It was a catered evening reception at the East Wing of the National Gallery of Art in Washington, D.C., but this event didn’t signal an exhibit opening for a famous painter. The guests of honor were 30 outstanding, though generally unheralded, elementary and high school art teachers from across the country flown to Washington to receive a personalized award and a print signed by artist James Rosenquist. The hostess of the reception and patron of these art educators was Sally Smith, founder and director of the Lab School of Washington and nationally renowned champion of arts education for learning disabled children. You couldn’t miss her—blond, ebullient and bejeweled with polka-dot nail polish, a brightly colored dress and scarf, in the middle of things with a ready “Hello” and broad smile. Bringing the teachers to Washington was her way of recognizing them for their creative work in enriching the lives of children through arts in the classroom. Too often to our detriment, arts instruction is so marginalized that when education budget cuts are considered, beleaguered art teachers are often among the first to get pink slips.

We lost Sally a year ago on December 1, 2007, but her legacy as a champion for arts education lives on. That legacy began in 1967 when her youngest son, Gary, a bright and creative child, began acting out in school out of frustration over his inability to read or do math.  When she learned that he had a severe learning disability, the only options school officials offered were to put him with retarded or disturbed children. Neither was acceptable, but Sally puzzled over where she could take her son. That’s when she decided to create her own school starting with Gary and three other students. This was a school that embraced the potential and intelligence of learning disabled children within an innovative curriculum built around the arts. She started by hiring artists as teachers because of their ability to think creatively.

Although she was trying something new, Sally wasn’t a novice in education or the arts. She graduated in 1950 from Bennington College where she studied modern dance with Martha Graham and was a student of prominent psychoanalyst Erich Fromm. A year after graduation, her first book, A Child’s Guide to the Parent’s Mind, was published based on her senior thesis. She earned a master’s degree in education from New York University in 1955.

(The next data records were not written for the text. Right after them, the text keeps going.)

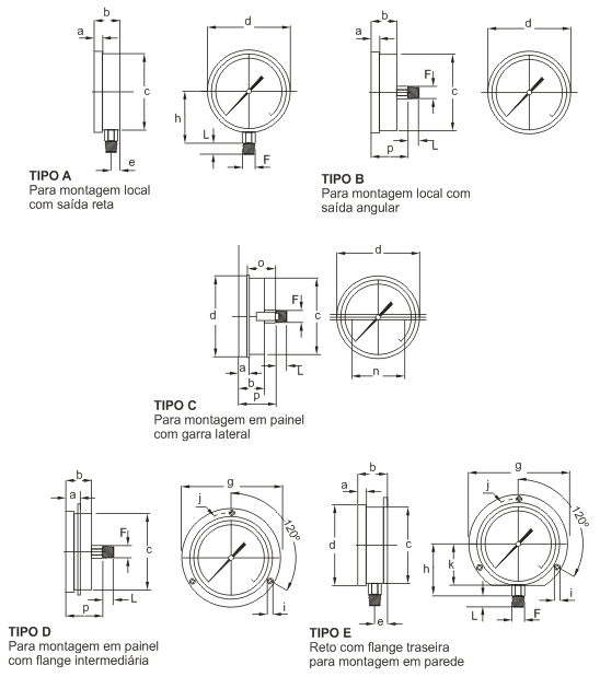 as dimensões para manômetros na tabela
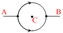 A and Bare two points on a uniform metal ring whose center is C. The angle ABC = θ. A and B maintained at two different constant temperatures. When θ = 180o, the rate of total heat flow from A to B is . 1.2 W When θ = 90o, this rate will be :-
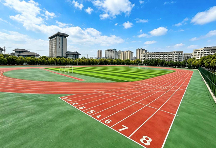 此次认证的背后,是铜陵学院对体育设施建设的严苛要求。该运动场地改造全程遵循国家核心标准,所有材料均持《检测报告》;塑胶跑道采用13mm厚全塑型自结纹塑胶(加厚区20mm),无缝铺设且减震耐磨,达到生态产品五星级标准;足球场铺设50mm人造草坪及减震垫层,兼顾专业性与防护性;围网、照明等配套同步升级,新建4座15米高杆灯,满足夜间使用需求;解决场地积水难题,全方位守护运动安全。

One of the pillars of the Lab School approach is that if a child isn’t learning, it’s not his or her fault. Sally wrote, “Our philosophy is based on the belief that a child’s failure to learn means that the teaching staff has not yet found a way to help him.” Individualized art-centered study plans, homework and class work are created for every student. Music, dance, story telling and woodworking are used as teaching tools. For example, one student was taught math through carpentry. Another child loved baseball but was having difficulty reading so all of his lessons were taken from the sports pages of the newspaper and rewritten at his reading level.

The Lab School developed the “academic club” method as a nontraditional way for students to explore history, social studies and geography through visual, hands-on, concrete activities. In the “Gods Club,” students dress in togas, take the identity of a Greek god and are taught by a fully costumed Cleopatra. Eleanor of Aquitaine instructs the Knights and Ladies Club, and the Renaissance Club is taught by Lorenzo de Medici.

In 1976, Sally became a professor in the School of Education at American University and headed the master’s degree program specializing in learning disabilities. The Lab School is the primary training site for most of the graduate students in the program. Sally authored ten books and the Lab School was the subject of four PBS-produced films in 2002 demonstrating her approaches to teacher training.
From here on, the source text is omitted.